Capacity Planning & Estimation
The goal is order-of-magnitude accuracy, not precision. Round aggressively.
Essential Numbers to Memorize
Data Sizes
| Unit | Bytes |
|---|---|
| KB | 10^3 |
| MB | 10^6 |
| GB | 10^9 |
| TB | 10^12 |
| PB | 10^15 |
Time Conversions
| Period | Seconds |
|---|---|
| 1 minute | 60 |
| 1 hour | 3,600 |
| 1 day | ~86,400 ≈ 10^5 |
| 1 month | ~2.6M ≈ 2.5 × 10^6 |
| 1 year | ~31.5M ≈ 3 × 10^7 |
Common Throughput Rules of Thumb
| Technology | Throughput |
|---|---|
| Single RDBMS (Postgres/MySQL) | ~1,000–5,000 QPS |
| Single Redis instance | ~100,000 QPS |
| Single Kafka partition | ~10 MB/s write |
| Single HTTP server (Spring Boot) | ~5,000–20,000 RPS |
| CDN edge node | ~100,000+ RPS |
Estimation Framework
Step 1 — Clarify Scale
- DAU (Daily Active Users)
- Read/write ratio
- Peak multiplier (usually 2–5× average)
Step 2 — Estimate QPS
avg QPS = DAU × requests_per_user / seconds_per_day
peak QPS = avg QPS × peak_multiplier
Example — Twitter-like feed:
DAU = 100M
Avg requests/user/day = 10 (reads) + 1 (write)
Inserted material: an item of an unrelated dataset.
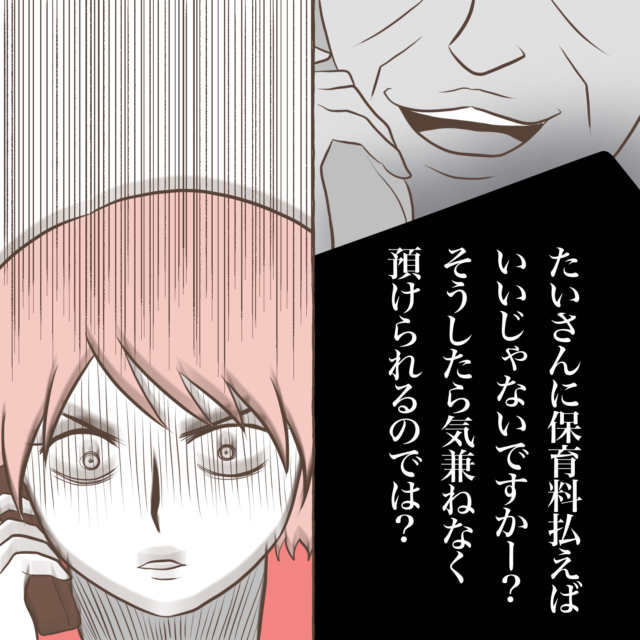 ニートの義弟たいくんが同居していることでわたすさんの娘姫ちゃんが保育園退園の危機に・・!市役所の子育て支援課の担当者に、定員オーバーのせいなのか、もしも仕事を持たない同居がいる場合は?と対応について尋ねてもちゃんとした答えが返って来ず・・生理前のわたすさんがネチネチ攻撃で反撃するも「これだから最近の30代は嫌だねー」と言われる始末(汗)挙句の果てに「そんなに保育料を支払いたいなら・・」と提案してきたのは・・

Avg read QPS = 100M × 10 / 100,000 = 10,000 QPS
Avg write QPS = 100M × 1 / 100,000 = 1,000 QPS
Peak read QPS = 10,000 × 3 = 30,000 QPS
Step 3 — Estimate Storage
storage = daily_writes × record_size × retention_days
Example — Tweet storage:
Tweets/day = 1,000 QPS × 86,400 = ~86M tweets/day
Record size = 280 bytes text + 200 bytes metadata ≈ 500 bytes
Storage/day = 86M × 500B = ~43 GB/day
5-year storage = 43 GB × 365 × 5 ≈ 78 TB
Step 4 — Estimate Bandwidth
bandwidth = QPS × avg_payload_size
Example — Image upload service:
Write QPS = 1,000
Avg image size = 2 MB
Write bandwidth = 1,000 × 2 MB = 2 GB/s ← needs chunking + CDN!
Step 5 — Estimate Memory (for caching)
cache_size = hot_data_fraction × total_dataset_size
Example — URL shortener (60M URLs, 20% hot):
Avg URL size = 100 bytes
Total = 60M × 100 = 6 GB
Cache (20%) = 1.2 GB ← fits in one Redis node
Worked Examples
URL Shortener (bit.ly)
- 100M DAU, 1% write, 99% read
- Write QPS:
100M × 0.01 / 86400 ≈ 12 QPS - Read QPS:
100M × 99 × 0.01 / 86400 ≈ 1,150 QPS - Storage:
12 QPS × 86400 × 365 × 5 years × 100 bytes ≈ 1.8 TB - Cache: top 20% URLs = small, single Redis node sufficient
Video Streaming (YouTube-like)
- 1B DAU, 0.1% upload, 10 views/user/day, avg 5 min video
- Uploads/day:
1B × 0.001 = 1M uploads - Upload bandwidth:
1M × 300 MB / 86400 ≈ 3.5 TB/s(needs massive CDN) - Storage (with 3 encoding resolutions):
1M × 300 MB × 3 ≈ 900 TB/day
Chat App (WhatsApp-like)
- 500M DAU, 40 messages/user/day, avg 100 bytes/message
- Message QPS:
500M × 40 / 86400 ≈ 230,000 msg/s - Storage:
500M × 40 × 100 = 2 TB/day - With 30-day retention:
60 TB
Capacity Planning Checklist
- Estimated peak QPS (read & write)
- Storage growth rate (daily, annually)
- Network bandwidth requirement
- Number of servers needed (
QPS / throughput_per_server) - Cache size requirement
- Database sizing (RAM for working set)
- Identify bottleneck component
Number of Servers Estimation
servers = peak_QPS / QPS_per_server
For Spring Boot service at ~10,000 RPS per instance:
30,000 peak QPS → 3 instances + headroom → 5 instances
Interview Questions
- Estimate the QPS and storage for a Twitter-like service with 300M DAU.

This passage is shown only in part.